The funniest and most frustrating thing about this summer’s step into the breech is the one part of the body that they treated and completely got all the cancer out, this part of my eye called Meckel’s Cave, the area behind the eye, that is the part of my body that’s hurting the most! I’ve got the phantom pain! Like when someone has their leg cut off and it still hurts. Except this is from nerves in my eye that make it difficult to chew and feel like someone someone is stepping on my face all day. This is such a lesson. A lesson in what it means to fight this thing. To really go after it in order to live a life with family and loved ones. Sometimes you’re going to do something and it’s going to hurt and not feel better. And the pain will in fact be a sign of success. A sign that I need to carry into the world. To let people know that if I can handle it, me, in all my weakness, then you can handle it too.
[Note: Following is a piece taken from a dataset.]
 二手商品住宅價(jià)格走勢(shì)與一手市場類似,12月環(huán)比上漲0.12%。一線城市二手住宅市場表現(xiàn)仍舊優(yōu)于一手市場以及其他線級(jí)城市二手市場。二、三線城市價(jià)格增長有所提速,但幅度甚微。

That’s the most effective treatment there is. The knowledge of the ones who have come before. I’ve been blessed this week to be reminded of my community of survivors and how it’s growing every minute. I got an email from one of my mom’s cousins last night. She is starting chemotherapy today and wanted to start reading my blog before she started. What a gift she gave me. Hopefully my small words will give her some sort of comfort.
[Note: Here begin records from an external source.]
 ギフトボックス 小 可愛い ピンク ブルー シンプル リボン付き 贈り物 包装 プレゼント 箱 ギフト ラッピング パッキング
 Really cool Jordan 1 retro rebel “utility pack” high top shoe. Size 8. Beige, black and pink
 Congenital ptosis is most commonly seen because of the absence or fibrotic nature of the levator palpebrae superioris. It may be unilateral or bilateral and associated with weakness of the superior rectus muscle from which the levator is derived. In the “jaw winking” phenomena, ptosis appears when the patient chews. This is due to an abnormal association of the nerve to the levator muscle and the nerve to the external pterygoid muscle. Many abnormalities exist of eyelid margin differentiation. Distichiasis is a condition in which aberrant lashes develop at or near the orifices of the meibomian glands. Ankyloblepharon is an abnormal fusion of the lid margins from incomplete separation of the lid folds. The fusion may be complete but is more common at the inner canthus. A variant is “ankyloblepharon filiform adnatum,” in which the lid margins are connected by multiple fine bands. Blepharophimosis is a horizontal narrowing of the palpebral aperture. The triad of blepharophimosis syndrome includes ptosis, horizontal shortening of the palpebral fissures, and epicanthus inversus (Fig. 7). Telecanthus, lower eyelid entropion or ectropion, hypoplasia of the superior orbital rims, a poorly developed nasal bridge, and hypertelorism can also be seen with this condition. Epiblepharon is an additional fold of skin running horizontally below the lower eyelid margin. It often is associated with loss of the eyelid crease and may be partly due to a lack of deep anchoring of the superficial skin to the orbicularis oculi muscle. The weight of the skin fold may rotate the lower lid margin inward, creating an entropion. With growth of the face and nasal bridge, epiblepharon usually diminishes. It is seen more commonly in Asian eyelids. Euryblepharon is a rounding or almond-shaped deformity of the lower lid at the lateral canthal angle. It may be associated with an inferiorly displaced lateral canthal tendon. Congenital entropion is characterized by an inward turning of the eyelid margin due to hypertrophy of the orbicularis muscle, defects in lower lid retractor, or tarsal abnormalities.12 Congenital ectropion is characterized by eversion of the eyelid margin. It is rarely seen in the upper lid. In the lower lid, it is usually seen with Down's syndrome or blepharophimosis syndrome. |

I saw another dear friend just celebrated a year from her last treatment. There was a video on Facebook of her beautiful face getting strapped into a mask that would make it impossible to move her head and neck. I know those masks well. I’ve used them twice and have got to go in on Monday for a 35 minute session in another one. She reminded me that some days we’ve just got to live. “We gotta keep smiling and being grateful,” she said. Truer words were never spoken.
And then I got the most wonderful message of all. It was out of the blue. A person I’ve met along the way asked if Jaimie and I wanted a quick vacation to their mountain house in Flat Rock, NC last weekend. We would have taken it, but we were already at the beach in another friend’s house for the week. She asked me how I was, and I told her I was nervous because I was doing another round of radiation. She said that she was a big fan of radiation. That you go in
and magic beams come out. Her husband died about six months ago. The kindest man one could ever meet, and I only knew him for about forty-five minutes.
What would that woman have given to have her husband be going in for radiation treatment in a couple of days. What would she give to have him be alive on the couch at the beach. Some days we’ve just got to live. Somedays we’ve just got to deal with the bills and the details. Because that means we’re still here. And while we breathe, we hope. And we can be with the ones we love. Even if it does require a little extra paper work.